Sure enough, the zombies turned to head up Mt. Ephraim.
“Well, that tears it,” came from Wink. “There is no way they are going to miss the compound. We don’t have nearly enough ammo with us to do any real damage here. Boys, we are in for our first defensive battle.” Ominous words indeed.
I put the truck back into gear and started to climb as quickly as the Chevy would move. The faster we were home, the more time we would have to improve some woefully inadequate defensive lines.
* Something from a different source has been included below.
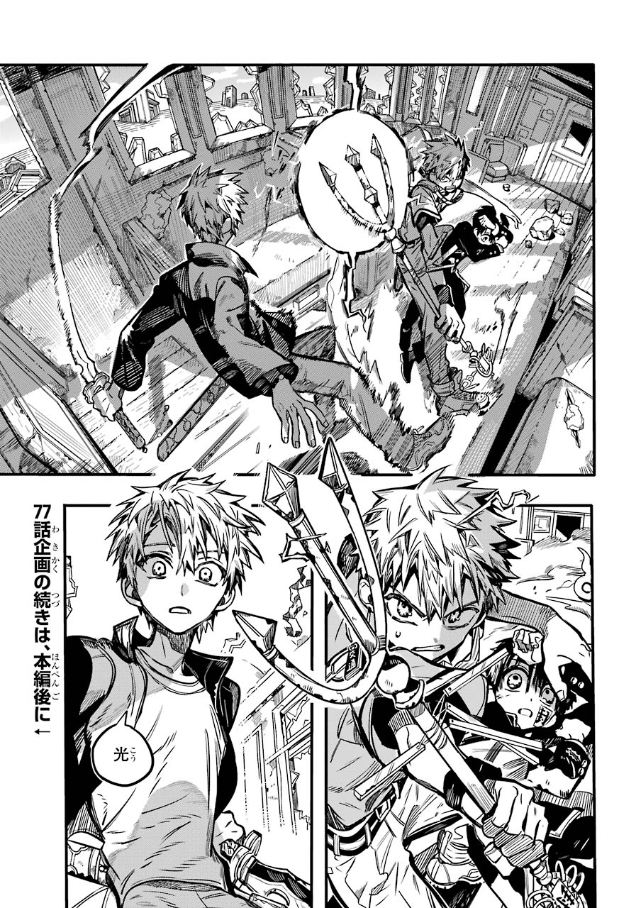 The chapter starts off with a colored page announcing the results of the Chapter 77 Project, the "Situation Vote", where fans voted for which character they thought was the best fit in a handful of specific situations.

Shit. Up until now we’d been having a pleasant little zombie apocalypse.
Gary was out walking the woods around the main house and checking what fences we did have up for integrity. If any zombies come right down the road and then aim straight for the house, either from the front or the back, we’ll be fine, he thought. Wink’s area was well lit with thousand-watt, high powered sodium lights running from his generator and guarded well, as was the front of the Talbot main home. But if anything came at us from the sides we were royally screwed, blued and tattooed. There had just not been enough time to get any more prepared than we were. Oh well, hope for the best and expect the worst.